Leave out the pictures and retype, exactly, the lines below from the line with "使注释文字采用蓝色并使高度为 30 个单位。" up to and including the line with "A large mirror", nothing more.

- [DATA FOR REVIEW]
= Beginning of Section =
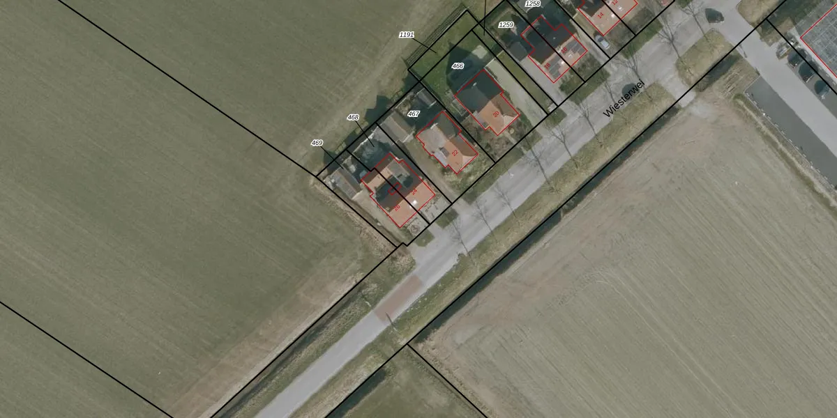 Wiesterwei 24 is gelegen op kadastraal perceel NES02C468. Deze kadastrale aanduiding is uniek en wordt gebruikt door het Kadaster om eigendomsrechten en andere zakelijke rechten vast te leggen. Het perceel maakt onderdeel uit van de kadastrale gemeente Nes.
= End of Section =
= Beginning of Section =
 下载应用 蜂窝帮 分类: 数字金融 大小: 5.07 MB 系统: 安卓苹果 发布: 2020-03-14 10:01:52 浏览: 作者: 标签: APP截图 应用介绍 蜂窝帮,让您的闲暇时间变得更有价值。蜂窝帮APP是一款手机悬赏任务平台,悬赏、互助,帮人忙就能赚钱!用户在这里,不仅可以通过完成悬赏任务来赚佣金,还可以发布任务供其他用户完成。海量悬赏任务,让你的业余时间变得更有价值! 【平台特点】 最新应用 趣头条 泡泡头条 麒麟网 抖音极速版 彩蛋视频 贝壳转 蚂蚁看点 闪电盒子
= End of Section =
= Beginning of Section =
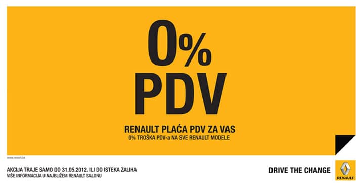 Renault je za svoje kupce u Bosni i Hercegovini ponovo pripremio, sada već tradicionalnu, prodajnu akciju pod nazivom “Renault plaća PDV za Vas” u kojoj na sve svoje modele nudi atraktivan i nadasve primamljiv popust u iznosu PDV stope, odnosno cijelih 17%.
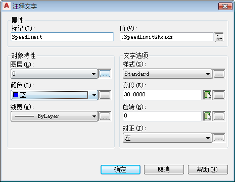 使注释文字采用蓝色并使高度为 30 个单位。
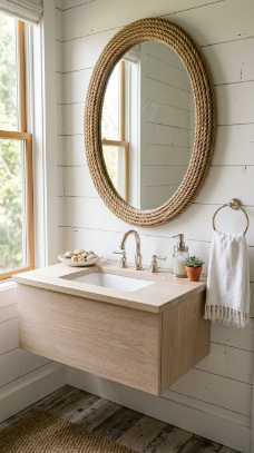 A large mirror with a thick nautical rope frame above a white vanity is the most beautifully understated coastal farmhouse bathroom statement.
= End of Section =
- [ANSWER SPACE]
 使注释文字采用蓝色并使高度为 30 个单位。
 A large mirror with a thick nautical rope frame above a white vanity is the most beautifully understated coastal farmhouse bathroom statement.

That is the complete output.